BEGIN
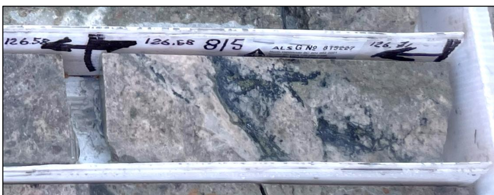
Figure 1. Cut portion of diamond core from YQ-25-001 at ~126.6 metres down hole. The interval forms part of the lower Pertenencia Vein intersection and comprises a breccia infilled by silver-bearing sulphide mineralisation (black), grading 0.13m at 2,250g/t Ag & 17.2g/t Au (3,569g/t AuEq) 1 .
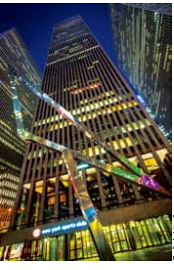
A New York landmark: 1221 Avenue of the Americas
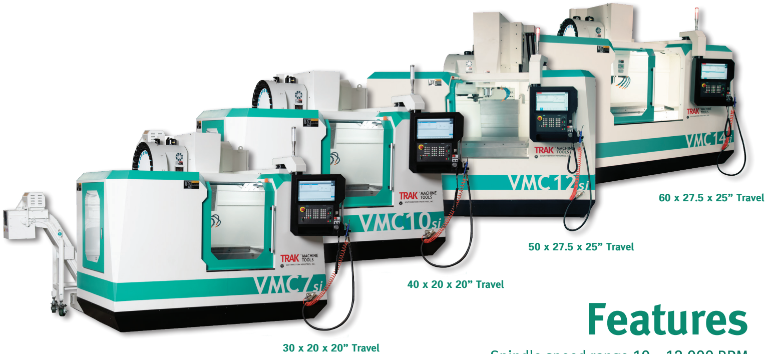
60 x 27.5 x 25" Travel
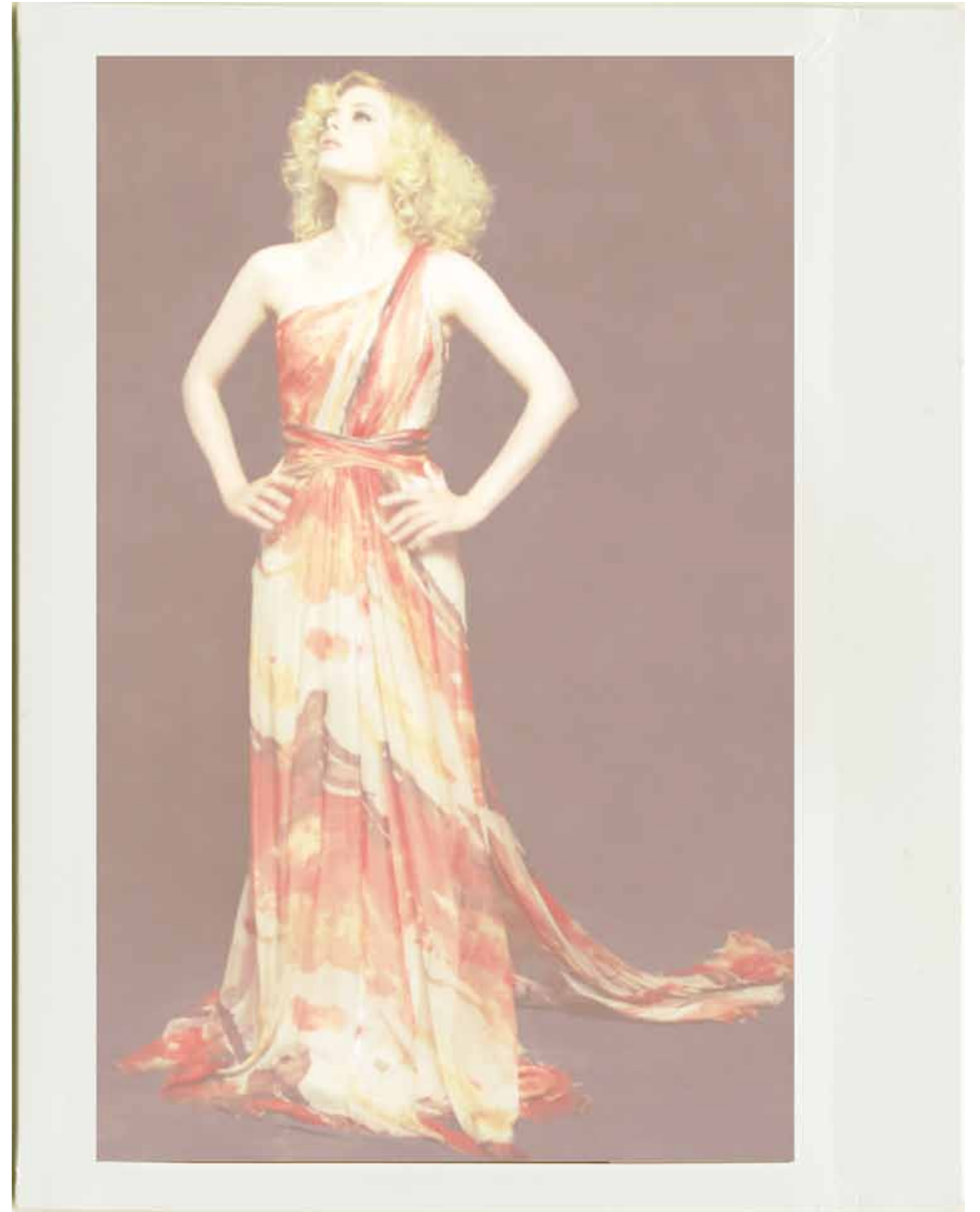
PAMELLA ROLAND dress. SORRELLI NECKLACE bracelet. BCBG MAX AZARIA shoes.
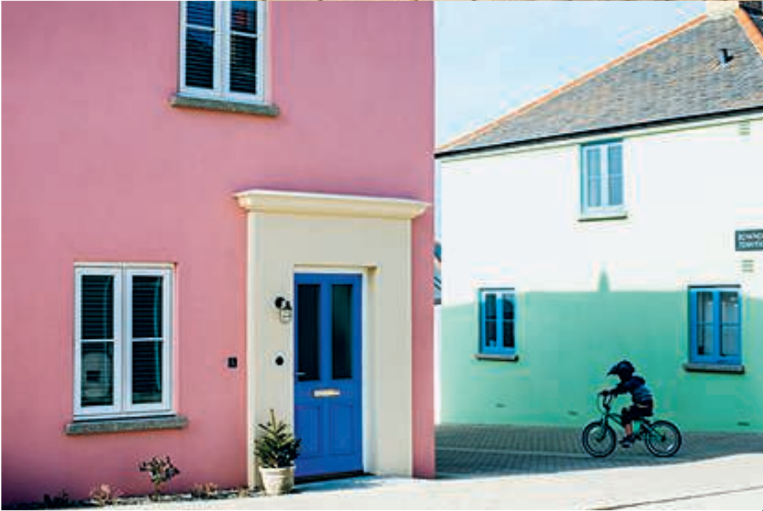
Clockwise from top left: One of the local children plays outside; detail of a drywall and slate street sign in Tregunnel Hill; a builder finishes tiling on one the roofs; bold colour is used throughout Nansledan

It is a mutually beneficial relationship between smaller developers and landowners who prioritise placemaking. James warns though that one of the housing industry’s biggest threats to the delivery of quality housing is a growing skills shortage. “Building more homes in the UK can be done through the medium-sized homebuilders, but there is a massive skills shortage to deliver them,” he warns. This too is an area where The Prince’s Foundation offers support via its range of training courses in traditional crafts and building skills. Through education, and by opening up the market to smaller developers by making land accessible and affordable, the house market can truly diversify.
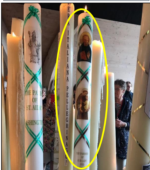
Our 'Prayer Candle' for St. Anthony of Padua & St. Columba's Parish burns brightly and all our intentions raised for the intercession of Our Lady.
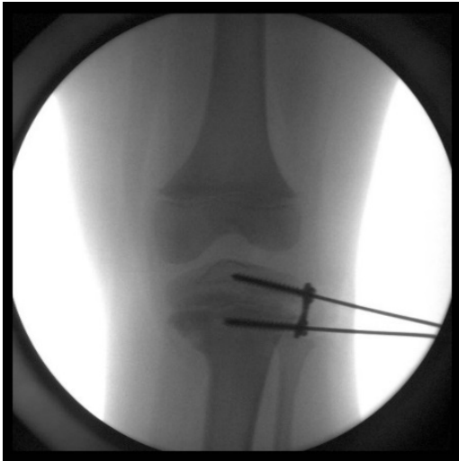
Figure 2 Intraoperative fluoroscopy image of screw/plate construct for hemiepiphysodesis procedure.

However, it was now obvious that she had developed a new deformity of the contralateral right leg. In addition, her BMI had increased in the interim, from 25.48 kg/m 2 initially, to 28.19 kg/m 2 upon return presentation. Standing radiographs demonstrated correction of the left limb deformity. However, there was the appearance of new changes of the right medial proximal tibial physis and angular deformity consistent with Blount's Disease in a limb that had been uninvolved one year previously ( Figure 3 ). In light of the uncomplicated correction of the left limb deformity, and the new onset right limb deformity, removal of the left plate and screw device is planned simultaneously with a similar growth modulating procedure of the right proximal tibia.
END
_REQUIREMENT_
Output exactly the lines of the listing above that start with the one holding "60 x 27.5 x" and go on through the one holding "Figure 2 Intraoperative"; leave the pictures out.

_RESULT_
60 x 27.5 x 25" Travel
PAMELLA ROLAND dress. SORRELLI NECKLACE bracelet. BCBG MAX AZARIA shoes.
Clockwise from top left: One of the local children plays outside; detail of a drywall and slate street sign in Tregunnel Hill; a builder finishes tiling on one the roofs; bold colour is used throughout Nansledan

It is a mutually beneficial relationship between smaller developers and landowners who prioritise placemaking. James warns though that one of the housing industry’s biggest threats to the delivery of quality housing is a growing skills shortage. “Building more homes in the UK can be done through the medium-sized homebuilders, but there is a massive skills shortage to deliver them,” he warns. This too is an area where The Prince’s Foundation offers support via its range of training courses in traditional crafts and building skills. Through education, and by opening up the market to smaller developers by making land accessible and affordable, the house market can truly diversify.
Our 'Prayer Candle' for St. Anthony of Padua & St. Columba's Parish burns brightly and all our intentions raised for the intercession of Our Lady.
Figure 2 Intraoperative fluoroscopy image of screw/plate construct for hemiepiphysodesis procedure.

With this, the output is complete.